You can see that no table open operation was performed and hence no wait.

Does the fact that the table has already been opened and table object is in the table_cache change anything with respect to metadata locks.

Metadata Locking and Table Cache

No matter if a connection accesses a table that is already in the Table Cache, any query to a table that has a DDL operation waiting, will block. Why? Because MySQL sees that the old entries in the Table Cache have to be invalidated, and any query that accesses the table will have to reopen the modified table and there will be new entries in the Table Cache. Let’s see this phenomenon in action:

session6 > ALTER TABLE test add column c char(32) default 'dummy_text';
Query OK, 2 rows affected (59.80 sec)

session10 > show status like 'Open%tables';
+---------------+-------+
| Variable_name | Value |
+---------------+-------+
| Open_tables   | 30    |
| Opened_tables | 0     |
+---------------+-------+
2 rows in set (0.00 sec)

session10 > select * from test order by id;
+----+------+------------+
| id | x    | c          |
+----+------+------------+
|  1 | foo  | dummy_text |
|  2 | bar  | dummy_text |
+----+------+------------+
2 rows in set (53.78 sec)

session10 > show status like 'Open%tables';
+---------------+-------+
| Variable_name | Value |
+---------------+-------+
| Open_tables   | 30    |
| Opened_tables | 1     |
+---------------+-------+
2 rows in set (0.00 sec)

session10 > show profile for query 18;
+----------------------+-----------+
| Status               | Duration  |
+----------------------+-----------+
| starting             |  0.000059 |
| checking permissions |  0.000010 |
| Opening tables       | 53.786685 |
| System lock          |  0.000009 |
| init                 |  0.000012 |
| optimizing           |  0.000003 |
| statistics           |  0.000007 |
| preparing            |  0.000006 |
| executing            |  0.000001 |
| Sorting result       |  0.000004 |
| Sending data         |  0.000033 |
| end                  |  0.000003 |
| query end            |  0.000002 |
| closing tables       |  0.000004 |
| freeing items        |  0.000009 |
| logging slow query   |  0.000002 |
| cleaning up          |  0.000002 |
+----------------------+-----------+
17 rows in set (0.00 sec)

As you can see that the SELECT query still blocks, and the status counter Opened_tables is also incremented once the query finishes.

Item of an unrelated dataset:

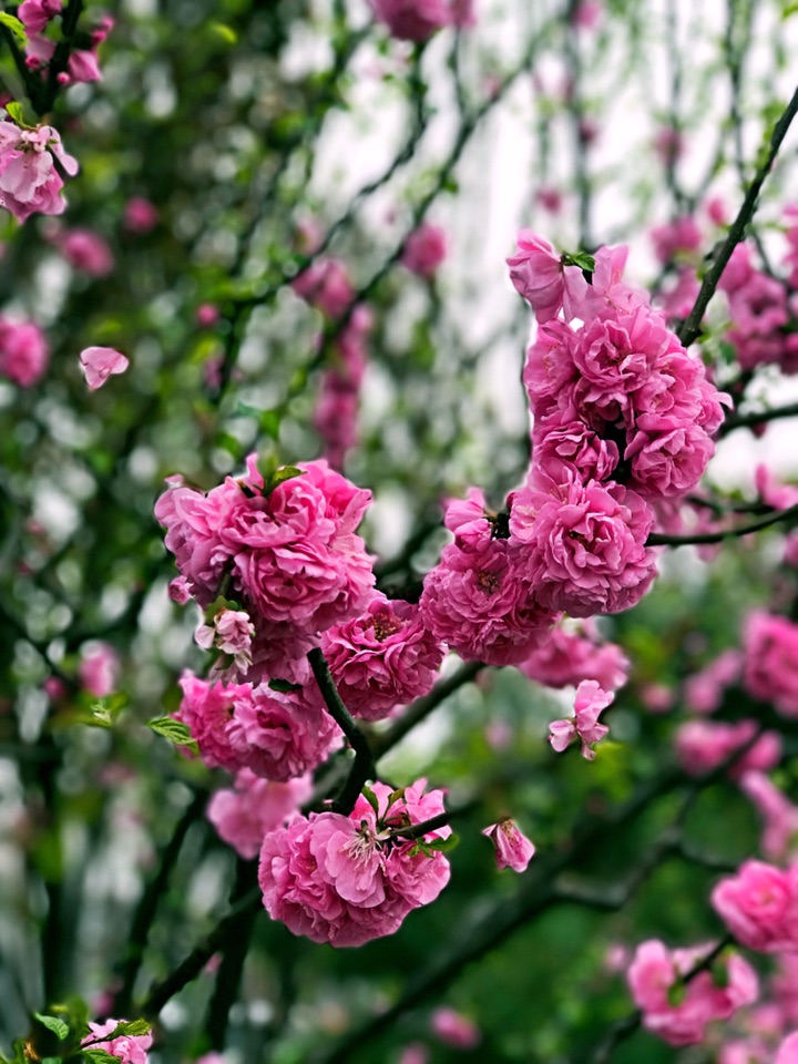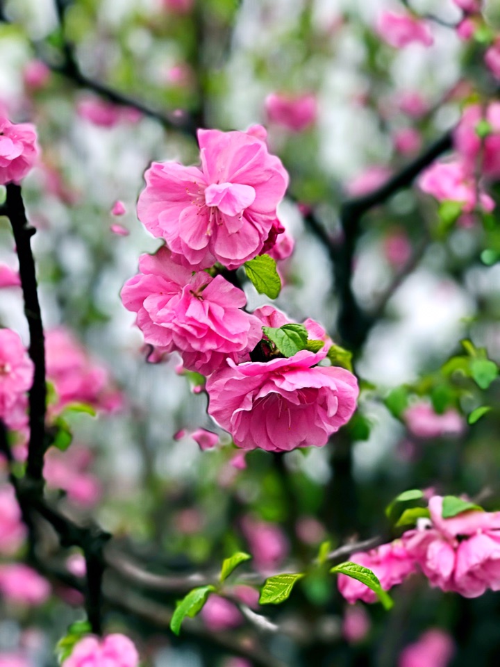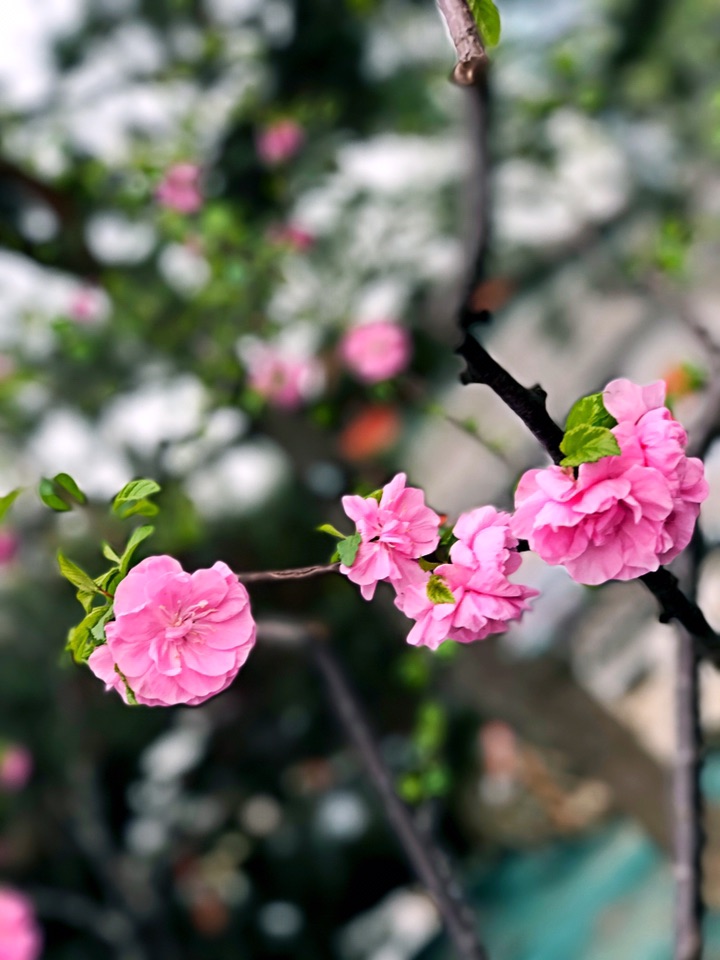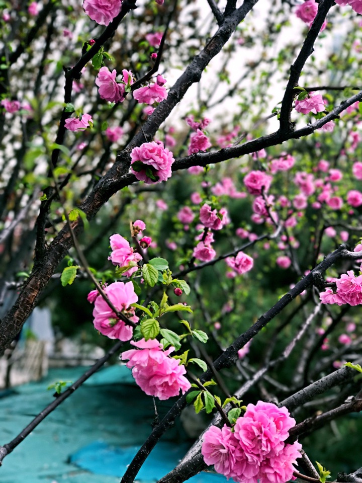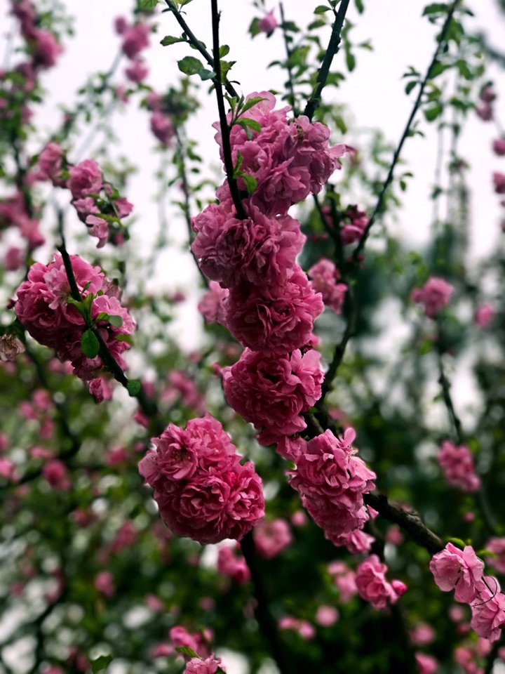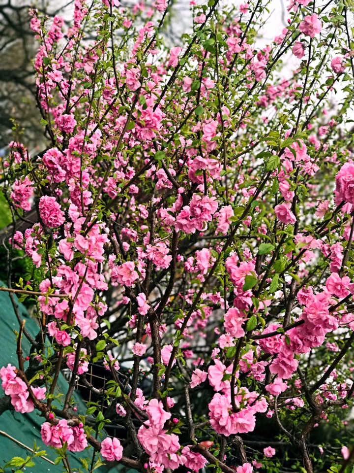 出去一趟还真没少收获,除却纪晓岚故居的一花一草,沿途的风景也是不容错过的。老远就看到红粉一片还以为是碧桃呢,临近了才发觉有点不像,在不大确定的情况下用形色一扫赫然出现:榆叶梅三字。噢!原来你就是榆叶梅啊!榆叶梅又叫榆梅、小桃红、榆叶鸾枝因其叶片像榆树叶,花朵酷似梅花而得名。为灌木稀小乔木,高2-3米;枝条开展,具多数短小枝;小枝灰色,一年生枝灰褐色,无毛或幼时微被短柔毛;冬芽短小,长2-3毫米。现在正值花期,你看这枝叶茂密,花繁色艳,团团簇簇明艳非凡,很难让人不去注意她

So much for the explanation, now let’s take a look at the consequences.

Consequences

The consequences of these changes in metadata locking is that, if you have some really hot tables, for example in web applications its typical to see a “sessions” table that is accessed on every request, then care should be taken when you have to ALTER the table otherwise it can easily cause a stall as many threads can get piled up waiting for table metadata lock bringing down the MySQL server or causing all the connections to get depleted.

There are some other interesting consequences as well for application that use MySQL versions prior to 5.5:

  • I remember a customer case where there is a reporting slave that daily runs a long running transaction, this transactions tends to run for hours. Now everyday one of the tables was renamed and swapped and that table was the one that is read from by the long running transaction. As the slave tried to execute the rename query it would simply block waiting for the long running transaction to finish, this would cause the slave to lag for hours waiting for the transaction to be completed, as you know that the slave is single-threaded so it cannot really apply any other event. This was never an issue when the application was using MySQL version < 5.5 as the datastore.
  • There was another interesting case this time with how Active MQ uses MySQL when in HA mode. In HA mode there are two Active MQ servers, both try to do something similar to the following sequence of events:
    session1 > CREATE TABLE t1(i int(11) not null auto_increment primary key) ENGINE=InnoDB;
    Query OK, 0 rows affected (0.09 sec)
    
    session1 > insert into t1 values(null);
    Query OK, 1 row affected (0.21 sec)
    
    session1 > start transaction;
    Query OK, 0 rows affected (0.00 sec)
    
    session1 > select * from t1 where i=1 for update;
    +---+
    | i |
    +---+
    | 1 |
    +---+
    1 row in set (0.00 sec)
    
    session2 > CREATE TABLE t1(i int(11) not null auto_increment primary key) ENGINE=InnoDB;
    

    When using MySQL 5.1 the second CREATE would just fail immediately with the error “ERROR 1050 (42S01): Table ‘t1′ already exists”, but because of how meta data locking works in 5.5 this is no longer the case, the second CREATE will simply block with unintended consequences. A workaround here would be to set lock_wait_timeout variable to a very low value and then execute the CREATE TABLE, this will make sure that the CREATE fails immediately (however due to a different reason):

    session2 > set session lock_wait_timeout=1;CREATE TABLE t1(i int(11) not null auto_increment primary key) ENGINE=InnoDB;
    

    However, I feel that the CREATE TABLE should fail in such a case when the table already exists and there is no other DDL like a DROP table waiting to run on the same table, and as such I have reported the bug: http://bugs.mysql.com/bug.php?id=67873

The post Implications of Metadata Locking Changes in MySQL 5.5 appeared first on MySQL Performance Blog.

Apr
04
2011
--

MySQL caching methods and tips

“The least expensive query is the query you never run.”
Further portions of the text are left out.